ACTION ITEM —
If a line below falls between the line with "VT COSMETICS TX-Toning" and the line with "Готовая домашняя работа", or is one of those two, output it exactly; output nothing else and no pictures.

═══ PROVIDED DATA ═══

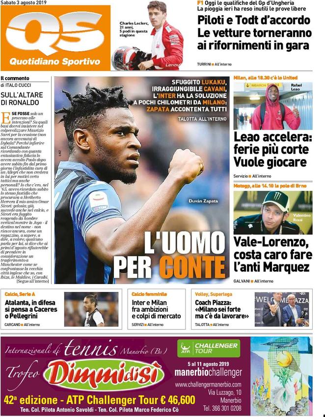 TORINO – Ecco che vi proponiamo l’apertura in prima pagina del Quotidiano Sportivo disponibile in tutte le edicole di oggi 03/08/2019. In apertura la questione relativa al mercato dell’Inter, con Duvan Zapata che potrebbe diventare il nuovo attaccante dell’Inter. In alto la F1, con il possibile ritorno ai rifornimenti in gara.
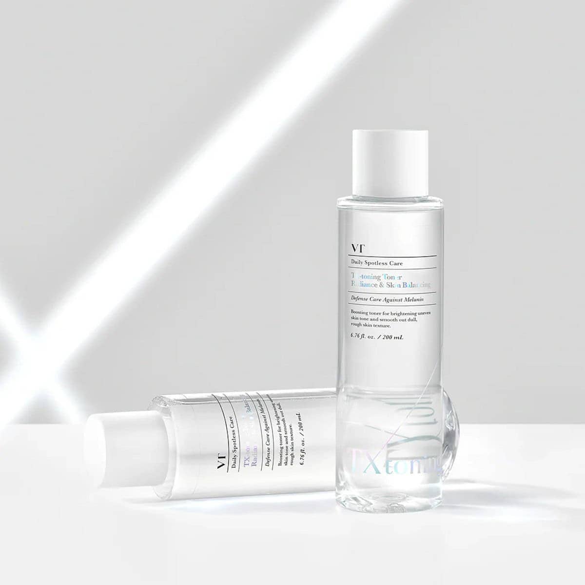 VT COSMETICS TX-Toning Toner evens tone and hydrates with tranexamic acid, niacinamide, glutathione, papain, ceramide NP, centella and squalane.
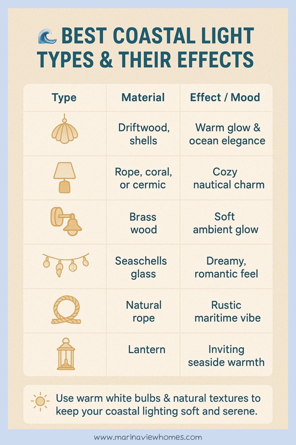 So, embrace the different lighting elements to truly capture the coastal essence:
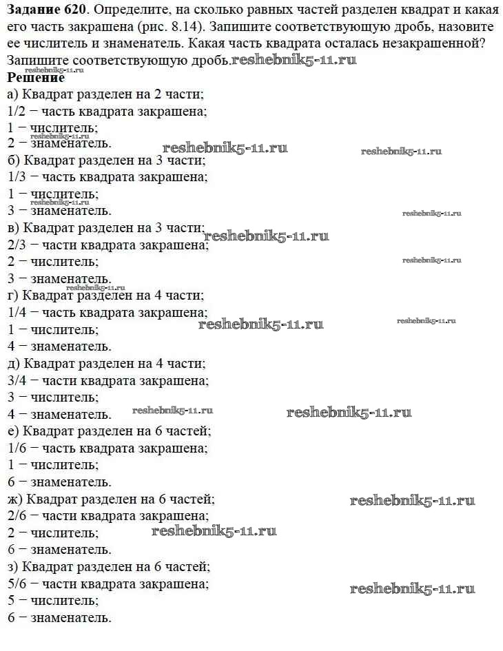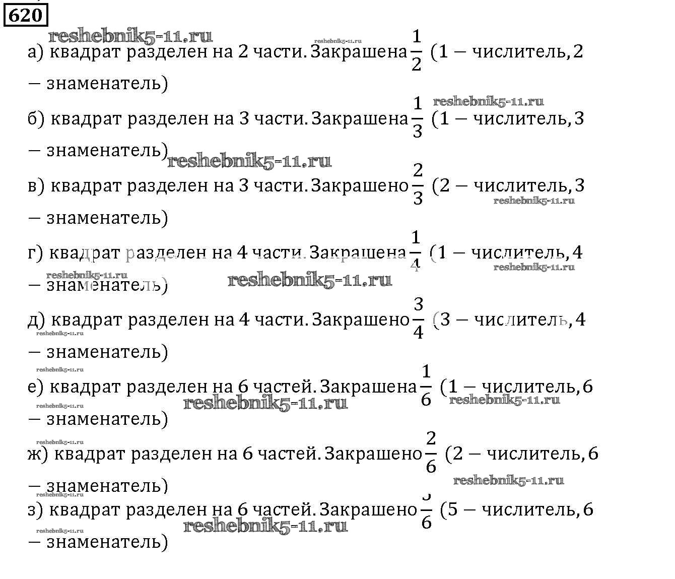 Готовая домашняя работа с ответами по Математике за 5 класс Дорофеев, Шарыгин, Суворова, Бунимович, Кузнецова, Минаева, Рослова Учебник Просвещение 2015 ФГОС - 8.2. Что такое дробь 620
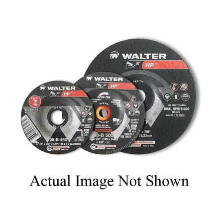 Walter Surface Technologies meule à moyeu déporté, high performance, gamme : hp, diamètre de roue 4-1/2 po, roue 1/4 po, 7/8 po trou central, connecteur arbre, grain 24, extra gros grain, aluminium abrasif à loxyde, numéro de type de roue : type 27, 13300 tr/min maximum, liant résinoïde, matériaux applicables : fonte et acier, roue noire, spécifications respectées : ansi b7.1, en 12413
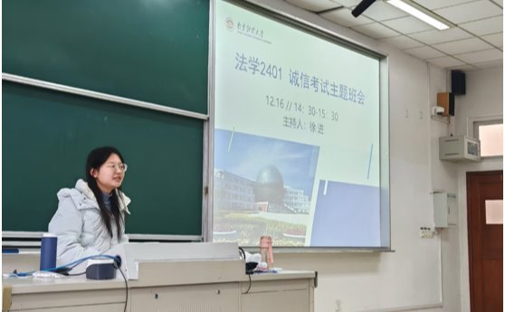 12月16日下午14:30,法学2401班举行诚信考试主题班会。本次班会由Blackjack中文版在线玩 法律系主任、法学2401班班主任徐进老师主持,全体同学参加。
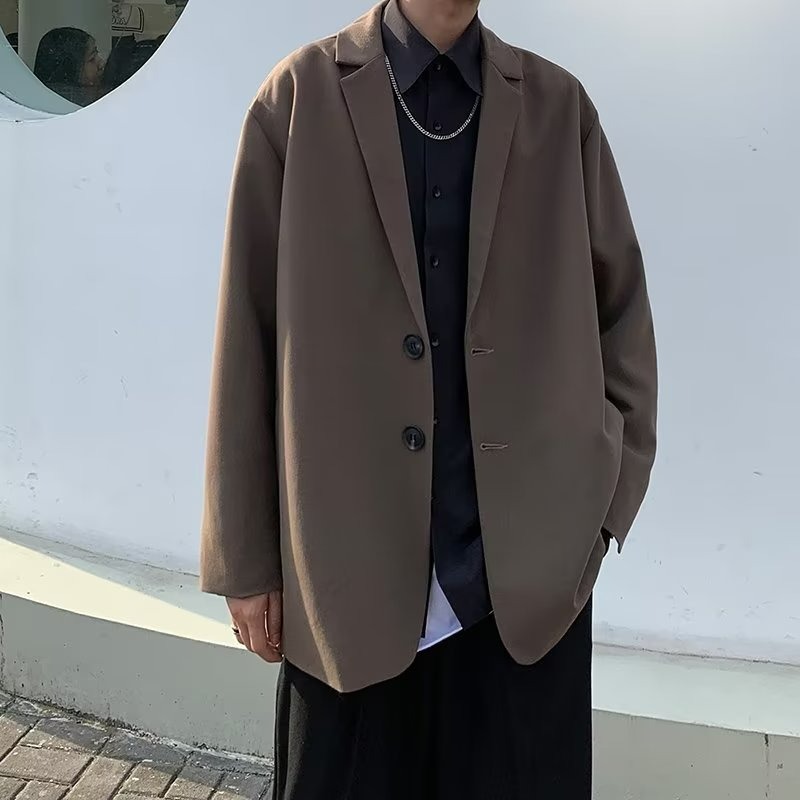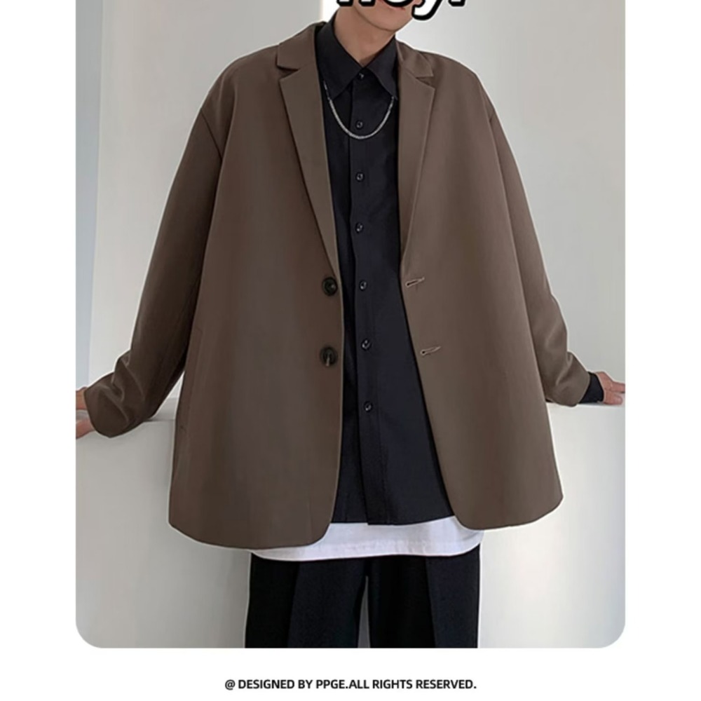 『癮品流行』單排扣簡約外套 韓版商務西裝外套 純色休閒西裝 男生西裝 寬鬆百搭 M-2XL
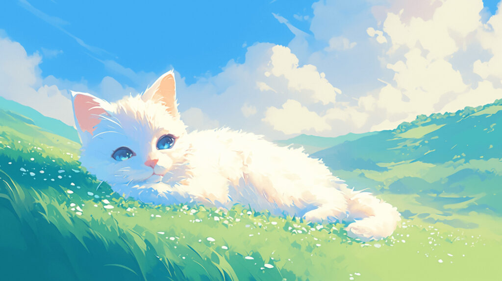 - テキストプロンプト:「草の上で眠っている美しい猫」
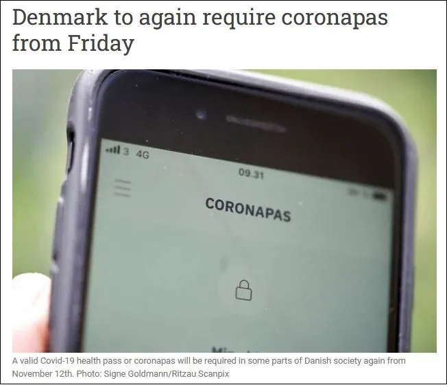 丹麦重新引入包括“新冠护照”,报道截图
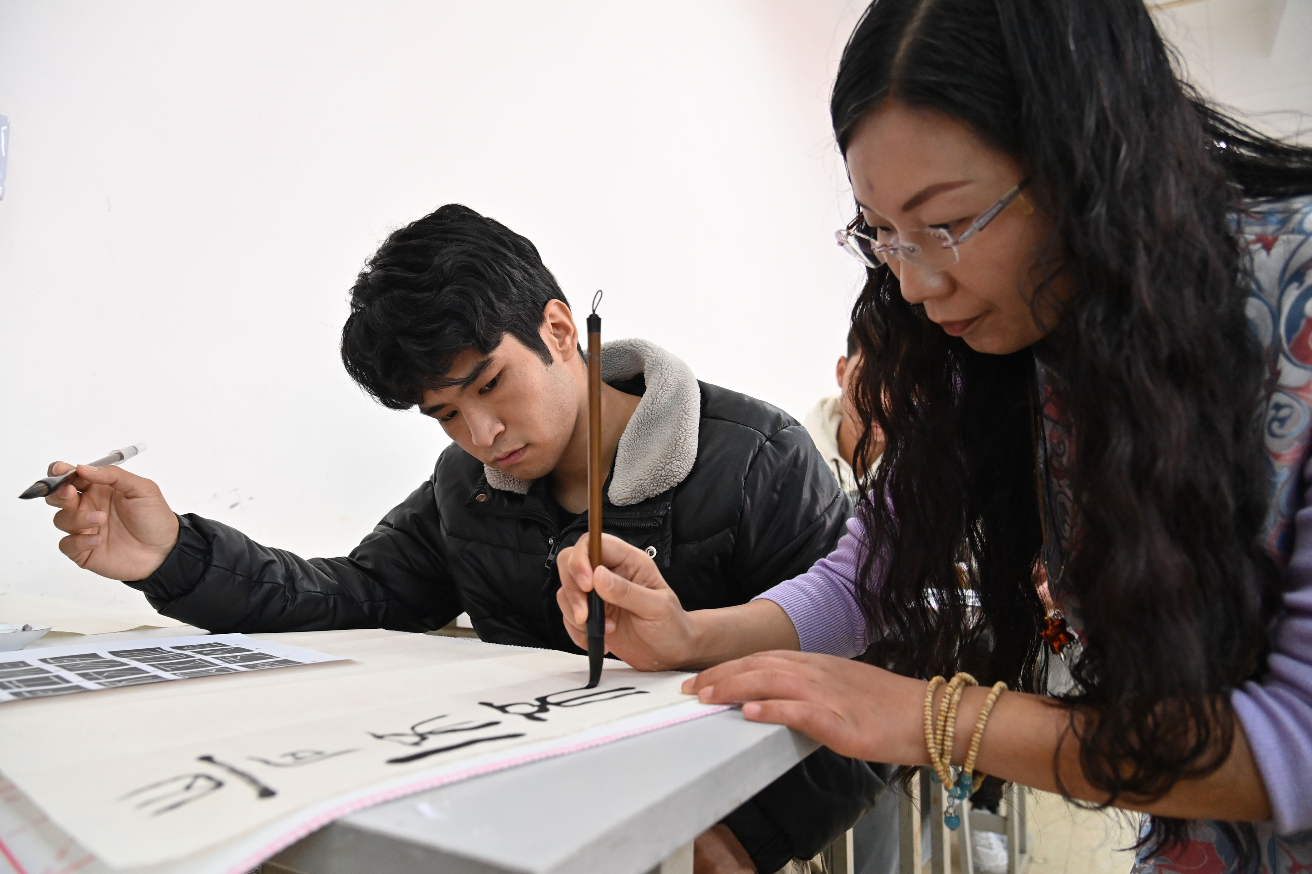 ▲11月4日,在位于沙坪坝区的重庆建筑科技职业学院,外国留学生在老师指导下学习书法。特约摄影 孙凯芳
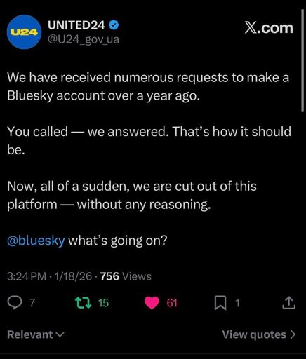 Just in case someone is not up-to-date with the latest Bluesky scandal, they have just suspended the account of UNITED24
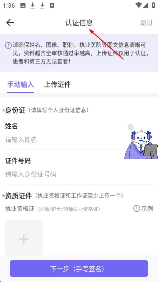 在【认证信息】页面,需填写【身份证】对应的姓名与证件号码,上传【资质证件】后,点击【下一步(手写签名)】按钮,即可完成认证流程。
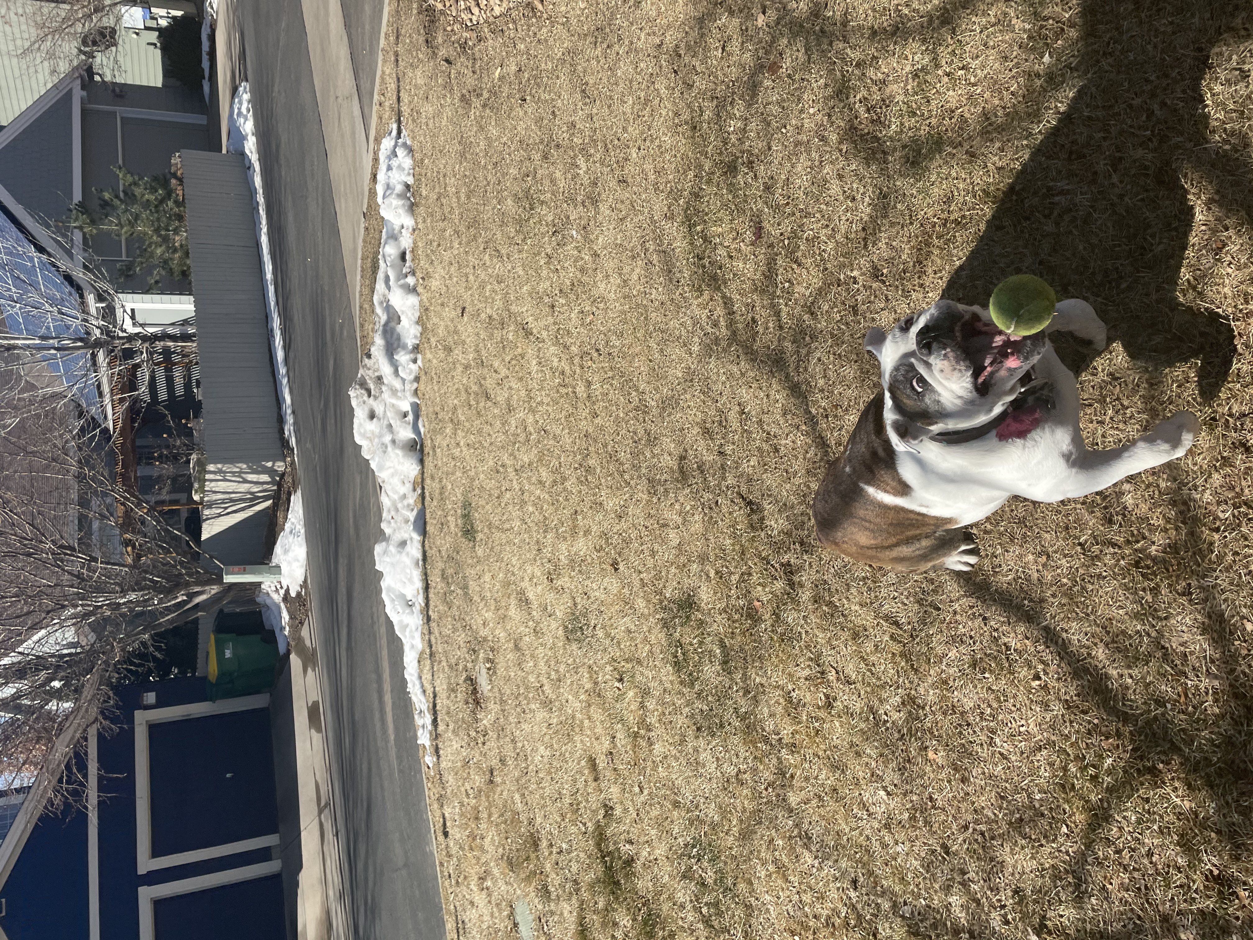 Hi! I just joined this forum! I want to introduce my bulldog Gertie! She was a rescue and we got her from a friend who fosters dogs like her. She has been with us for over a year. We think she is around 8 years old. Gertie is a professional ball chaser She is very lovey with humans but she isn't the greatest with other dogs and she snores like a truck :D.

═══

SOLUTION FOR THIS EXERCISE —
 VT COSMETICS TX-Toning Toner evens tone and hydrates with tranexamic acid, niacinamide, glutathione, papain, ceramide NP, centella and squalane.
 So, embrace the different lighting elements to truly capture the coastal essence:
 Готовая домашняя работа с ответами по Математике за 5 класс Дорофеев, Шарыгин, Суворова, Бунимович, Кузнецова, Минаева, Рослова Учебник Просвещение 2015 ФГОС - 8.2. Что такое дробь 620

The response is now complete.